The present study uses PC12 cells to investigate the mechanism by which pathological concentrations of saturated free fatty acids (FFAs) trigger cell death. Fatty acid-induced apoptotic cell death has been proposed to play a role in the neuronal loss observed following traumatic injury in the CNS and PNS. To further study this observation, we performed a series of c-DNA array experiments using mRNA of PC12 cells exposed to palmitic acid complexed with bovine serum albumin (BSA) (2:1 ration). Our data show that palmitic acid changes the levels of expression of several mRNAs of proteins that have been associated with apoptosis such as BNIP3 and Bax. Quantitative real-time RT-PCR (QRTPCR) experiments revealed an up-regulation of the proapoptotic mRNA BNIP3 that reached a maximum of 4-fold induction and Bax that reached a maximum of 3.5 induction during the course of the exposure of PC12 cells to palmitic acid. Western blots results also show an induction in BNIP3 and Bax protein. Additional activation of BNIP3/Bax can induce cell death by heterodimerization with antiapoptotic Bcl-2/Bcl-xl or by opening of the permeability transition pore resulting in mitochondrial dysfunction. Our results suggest that saturated FFAs induced cell death through the activation of proapoptotic mitochondrial genes like BNIP3 and Bax.

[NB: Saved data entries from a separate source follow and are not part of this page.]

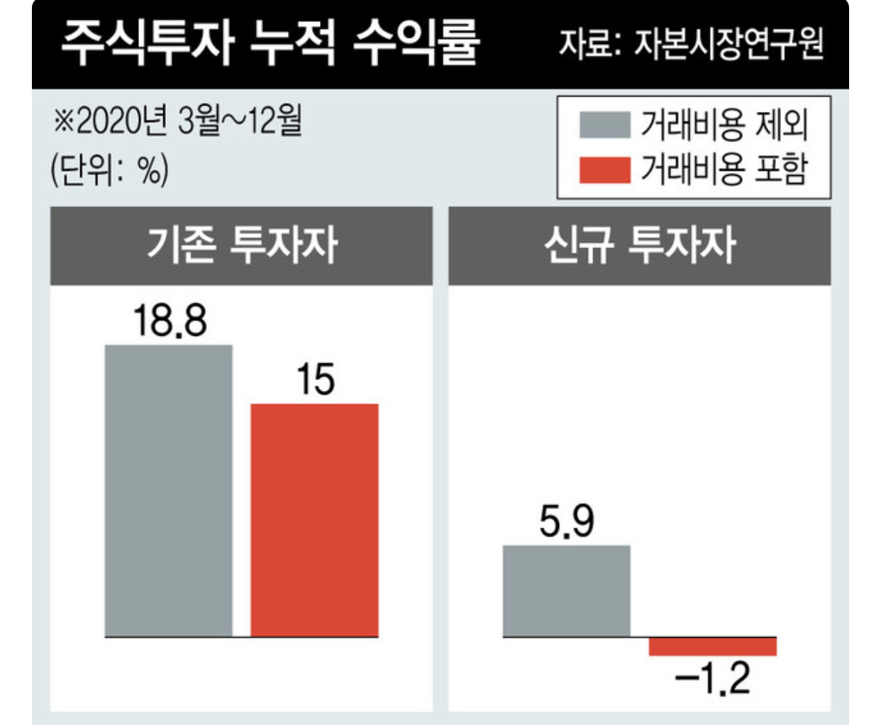그리고 이번에 새로 주식을 시작하신 분들은 5.9%의 적은 수익을 올렸지만 수많은 거래로 인해 수수료로 7.1%의 내고 -1.2%의 마이너스 수익을 낸것입니다.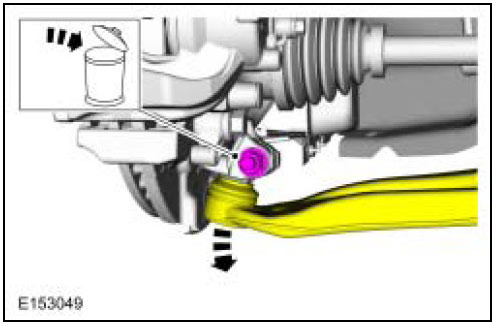 - Use care when releasing the lower arm and wheel knuckle into the resting position or damage to the ball joint seal may occur.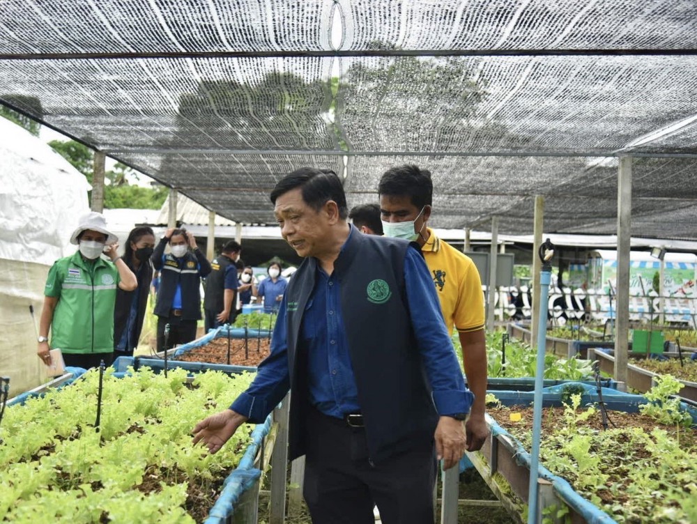 จากนั้นช่วงบ่าย ที่ปรึกษารัฐมนตรีเกษตรฯ และคณะ ได้ลงพื้นที่ติดตามการบริหารจัดการน้ำของ โครงการส่งน้ำและบำรุงรักษาเพชรบุรี สำนักงานชลประทานที่ 14 ในการขุดลอกผักตบชวาในคลองระบายน้ำ D25 ไปตรวจเยี่ยมความก้าวหน้าการดำเนินงานวิสาหกิจชุมชนเกษตรอินทรีย์วิถีพอเพียง ตำบลช่องสะแก อำเภอเมือง จังหวัดเพชรบุรีที่มีการปลูกผักเกษตรอินทรีย์ปลอดสารพิษแบบยกแคร่ (ผักสลัด) และแบบโรงเรือนอัจฉริยะ ซึ่งเป็นต้นแบบงานวิจัยในพื้นที่ ได้รับงบประมาณและการสนับสนุนจากสำนักงานพัฒนาวิทยาศาสตร์และเทคโนโลยีแห่งชาติ (สวทช. ) มหาวิทยาลัยราชภัฏเพชรบุรี สำนักงานเกษตรและสหกรณ์จังหวัด มีกิจกรรมการแปรรูปอาหารหลายอย่าง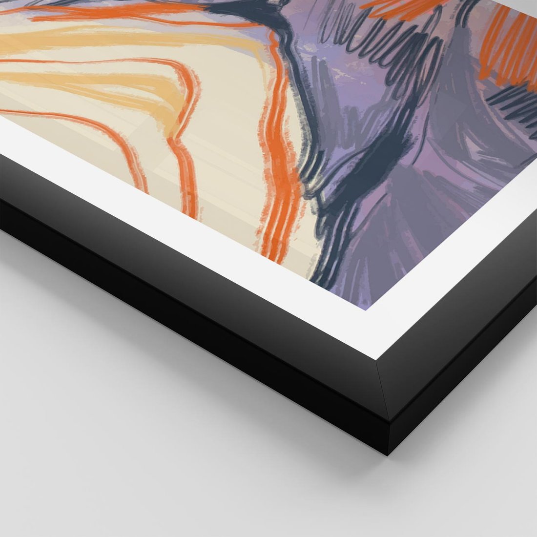 Ten abstrakcyjny plakat prezentuje fascynujące formy w odcieniach pomarańczu i fioletu. To dzieło sztuki wnosi do Twojej przestrzeni energię i ekspresję, jednocześnie pozostając nowoczesne i tajemnicze. Idealny wybór dla tych, którzy cenią abstrakcyjne kompozycje i intensywne kolory.
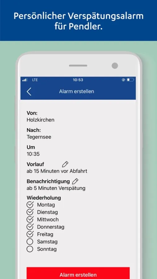 Er bietet Ihnen individuelle Push-Meldungen bei Fahrplanabweichungen für Ihre bevorzugte Verbindung. Dazu erhalten Sie Informationen zu aktuellen Baustellen und Großstörungen. Perfekt für Pendler!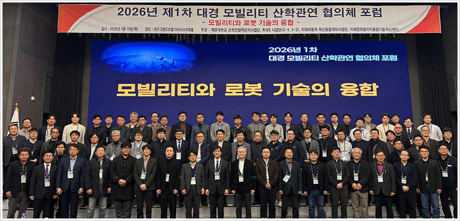 계명대학교 산학연협력단지사업단은 3월 19일(목) 오후 3시 대구 그랜드호텔에서 미래자동차 혁신융합대학사업단(COSS), 미래형모빌리티융합기술혁신센터(UIC), RISE 사업단과 공동으로 ‘대경 모빌리티 산학관연 협의체(이하 협의체)’ 포럼을 개최했다. 이번 포럼은 모빌리티와 로봇 기술이 융합된 ‘피지컬 AI(Physical AI) 플랫폼’ 중심의 산업 환경 변화와 지역 산업의 경쟁력 강화를 위한 협력 방안을 모색하기 위해 마련됐다.

181 PALMITIC ACID-INDUCED CELL DEATH IN NERVE GROWTH FACTOR DIFFERENTIATED PC12 CELLS INVOLVES THE UP-REGULATION OF HYPOXIA-INDUCING FACTOR 1 AND βNIP-3.

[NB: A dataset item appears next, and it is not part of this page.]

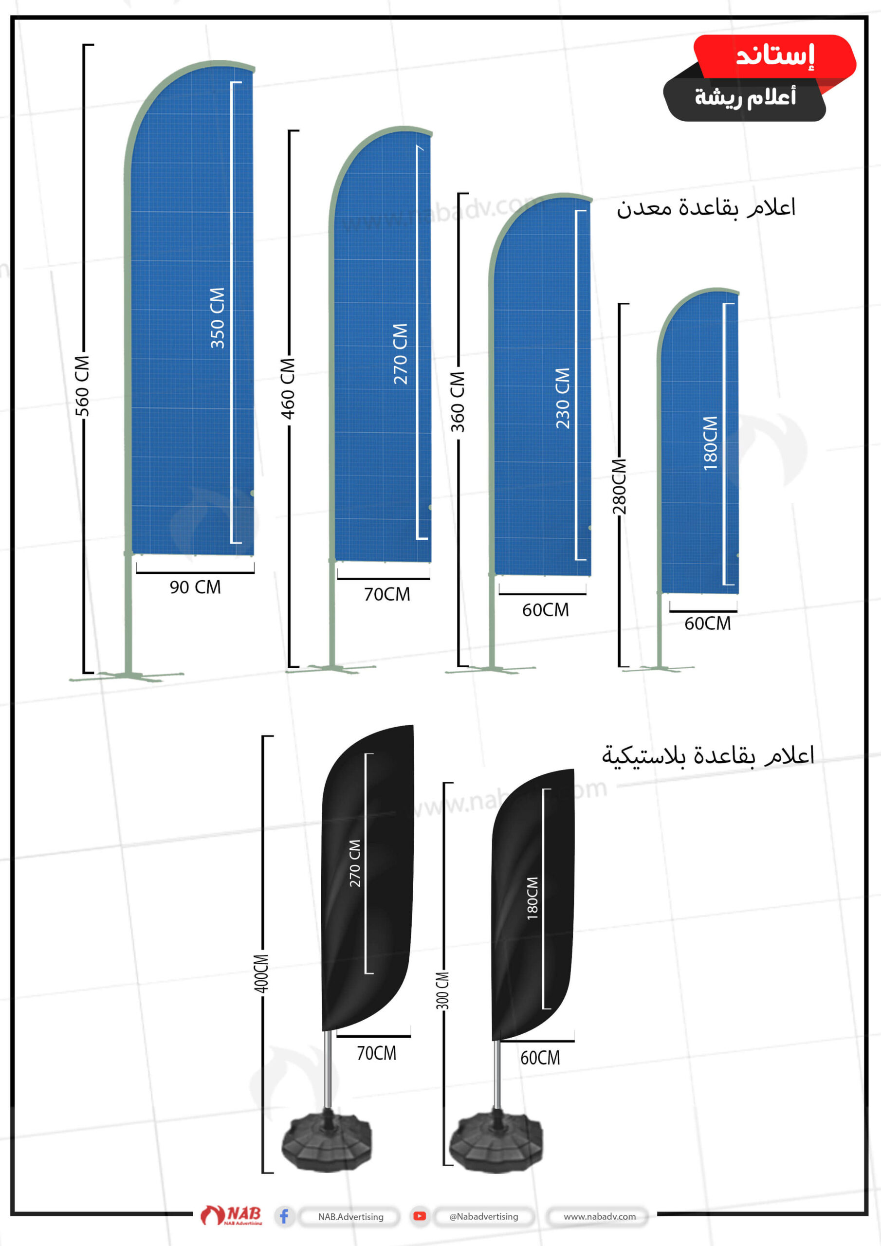 *اعلام الريشه 560سم بدون طباعه 4.650 كيلو جرام والاستاند بالطباعه 5.650 كيلو جرام .

Hypoxic-ischemic injury in the nervous system is associated with the degradation of membrane phospholipids with subsequent release of free fatty acids (FFAs). It has been proposed that this increase in the release of FFA can cause fatty acid-induced apoptotic neuronal cell loss and would be at least in part responsible for the observed secondary injury seen following hypoxia/ischemia and nerve injury insult. Purpose The present study uses NGF differentiated PC12 (NGFDPC12) cells to study neuronal apoptosis and to investigate the mechanism by which pathological concentrations of saturated FFA trigger neuronal cell death. We previously reported that NGFDPC12 cells exposed to palmitic acid (PA) show a dramatic loss of viability as early as 12 hours after treatment and exhibit an increase in the expression levels of several mRNAs of apoptosis-associated proteins such as BAK and βNIP-3 and hypoxic-inducing factor 1 alpha (HIF-1). Methods To further study this observation, we performed a series of Western blots experiments using cell extract of NGFDPC12 cells exposed to PA bound to bovine serum albumin (BSA) (2:1 ratio) to determine the levels of βNIP-3 and its activator HIF-1. Cells were treated with the PA for 6, 9, 12, and 24 hours. Cells were then harvested and lysed in an extraction buffer with protease inhibitors. Next, 20 μg of total cellular protein were electrophoresed on 4-12% gradient SDS-polyacrylamide gel. Proteins were transferred to nitrocellulose membrane and blocked with 7.5% nonfat milk in TTBS for 1 hour. Blots were then probed with antibodies for HIF-1 or βNIP-3 followed by a secondary antibody conjugated to horseradish peroxidase. Antigen-antibody complexes were visualized with enhanced chemiluminescence. Results Our Western blot results show an increase in both proteins HIF-1 and βNIP-3. HIF-1 and βNIP-3 have a maximum expression at 6 hours after PA treatment and gradually decreased thereafter. Conclusion These findings suggest that these two apoptosis-associated proteins may play a role in the apoptotic cell damage mediated by saturated FFA in NGFDPC12 cells. This work is supported in part by NIGMS award 2R25GM060507-05 to M.D.L.